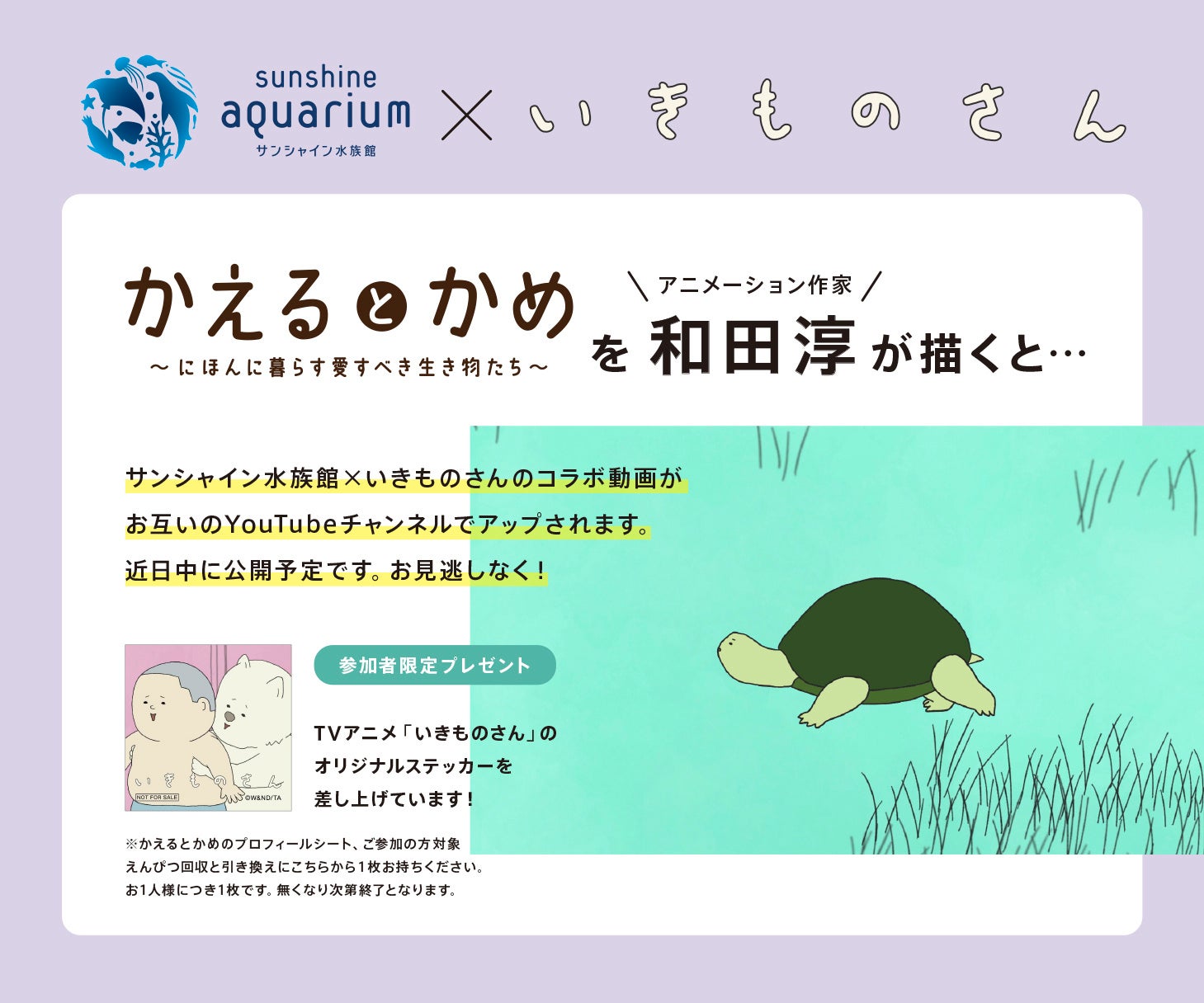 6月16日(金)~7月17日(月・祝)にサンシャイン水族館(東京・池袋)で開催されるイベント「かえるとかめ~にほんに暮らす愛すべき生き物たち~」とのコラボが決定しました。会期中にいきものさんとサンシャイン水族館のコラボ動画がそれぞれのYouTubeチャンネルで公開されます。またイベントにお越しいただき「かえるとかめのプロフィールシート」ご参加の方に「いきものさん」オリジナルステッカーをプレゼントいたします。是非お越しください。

┄┄┄┄┄┄

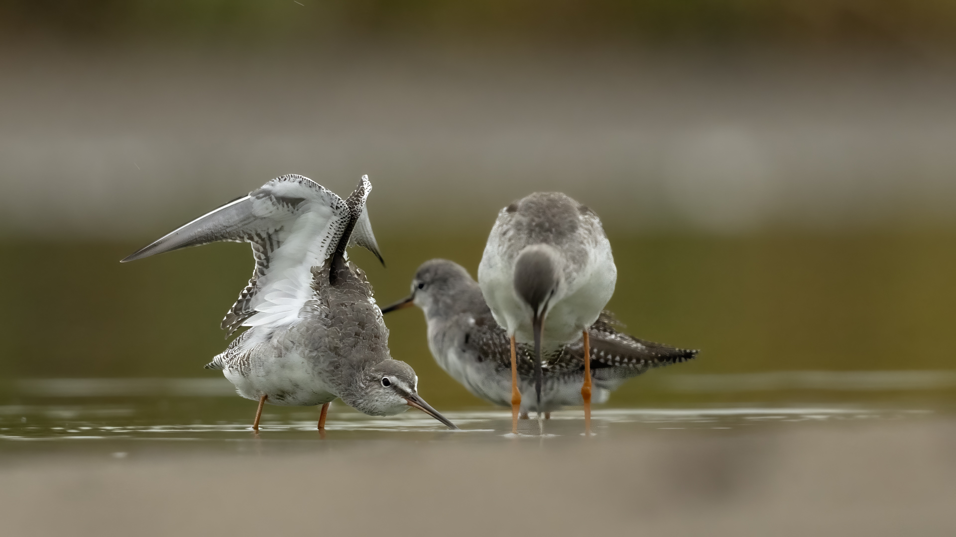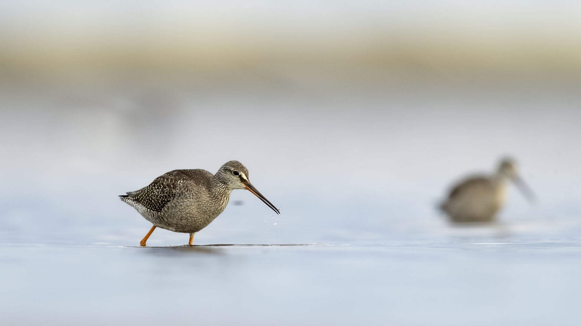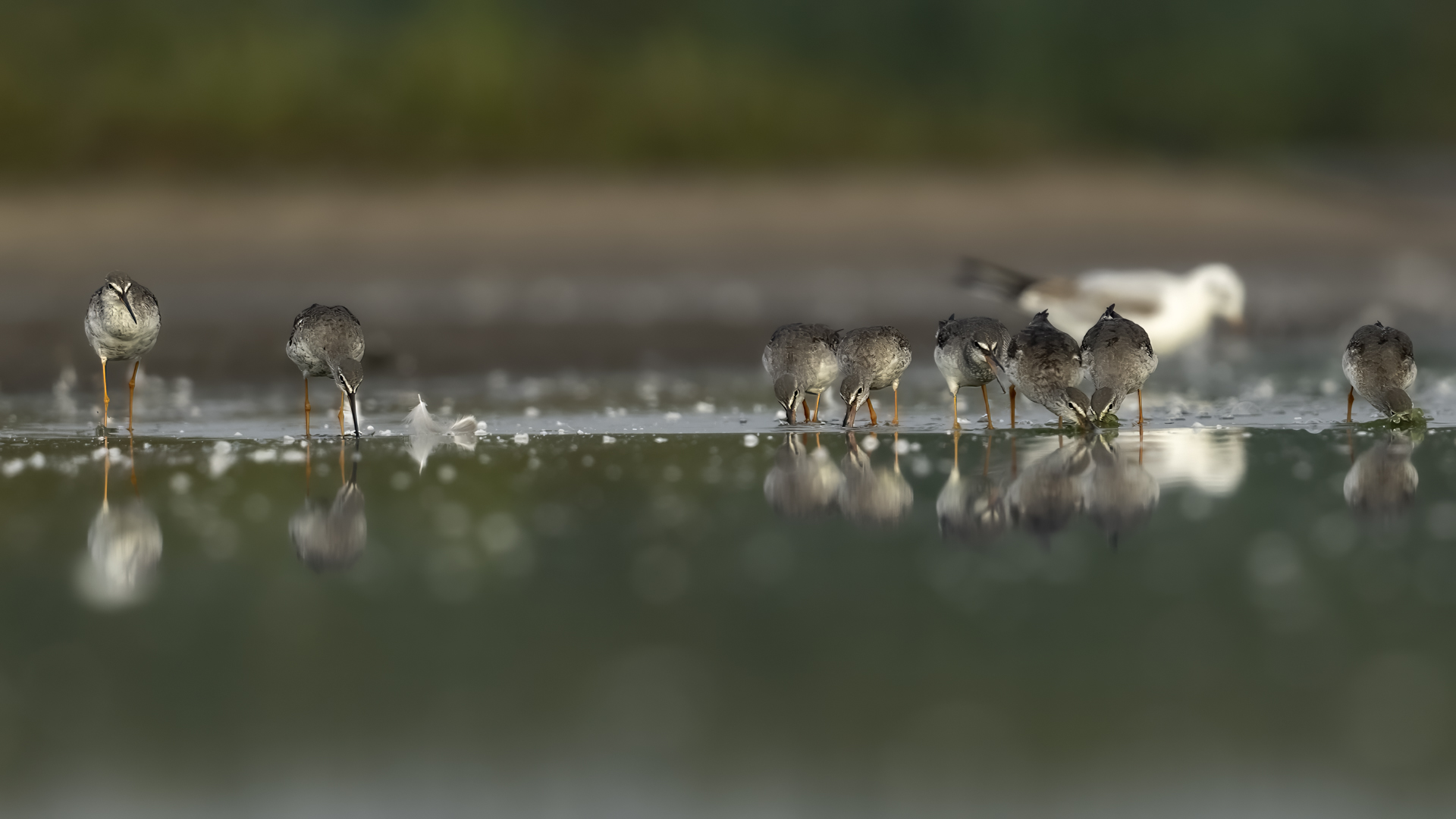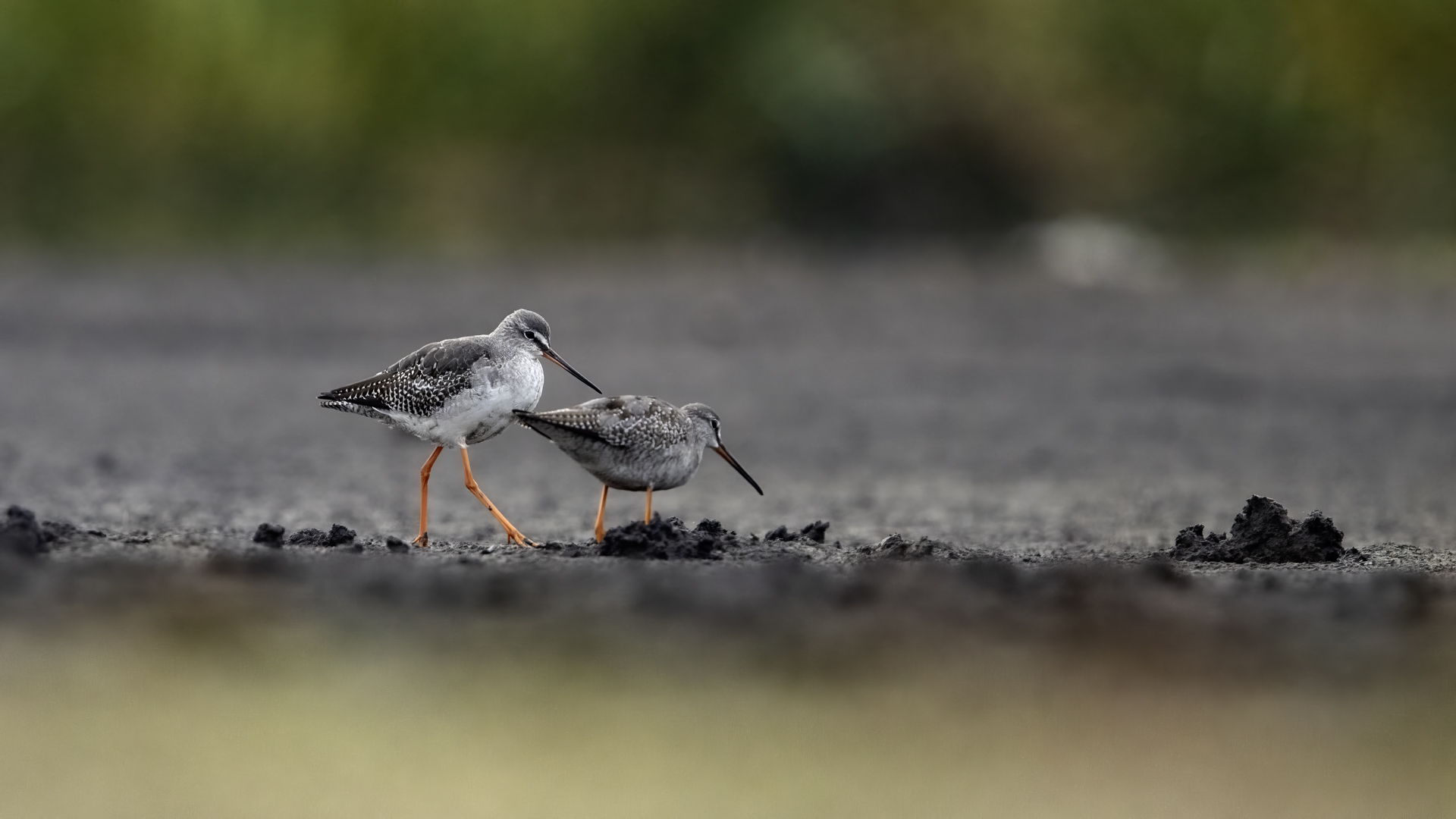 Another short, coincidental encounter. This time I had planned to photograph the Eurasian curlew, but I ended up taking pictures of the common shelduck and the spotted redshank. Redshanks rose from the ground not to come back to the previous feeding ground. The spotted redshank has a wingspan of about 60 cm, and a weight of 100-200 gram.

┄┄┄┄┄┄

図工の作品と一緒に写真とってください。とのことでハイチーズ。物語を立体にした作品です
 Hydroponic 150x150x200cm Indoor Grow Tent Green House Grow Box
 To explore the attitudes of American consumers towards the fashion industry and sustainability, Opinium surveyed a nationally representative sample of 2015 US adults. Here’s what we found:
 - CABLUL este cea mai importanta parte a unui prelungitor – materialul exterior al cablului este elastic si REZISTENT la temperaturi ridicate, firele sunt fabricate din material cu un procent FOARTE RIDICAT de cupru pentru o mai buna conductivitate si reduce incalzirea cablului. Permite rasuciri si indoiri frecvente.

┄┄┄┄┄┄

For this task, write out exactly the lines of the entries above, starting at the line with "Hydroponic 150x150x200cm Indoor" and ending at the line with "- CABLUL este", both included, and no others.

• **SOLVED PROBLEM**
 Hydroponic 150x150x200cm Indoor Grow Tent Green House Grow Box
 To explore the attitudes of American consumers towards the fashion industry and sustainability, Opinium surveyed a nationally representative sample of 2015 US adults. Here’s what we found:
 - CABLUL este cea mai importanta parte a unui prelungitor – materialul exterior al cablului este elastic si REZISTENT la temperaturi ridicate, firele sunt fabricate din material cu un procent FOARTE RIDICAT de cupru pentru o mai buna conductivitate si reduce incalzirea cablului. Permite rasuciri si indoiri frecvente.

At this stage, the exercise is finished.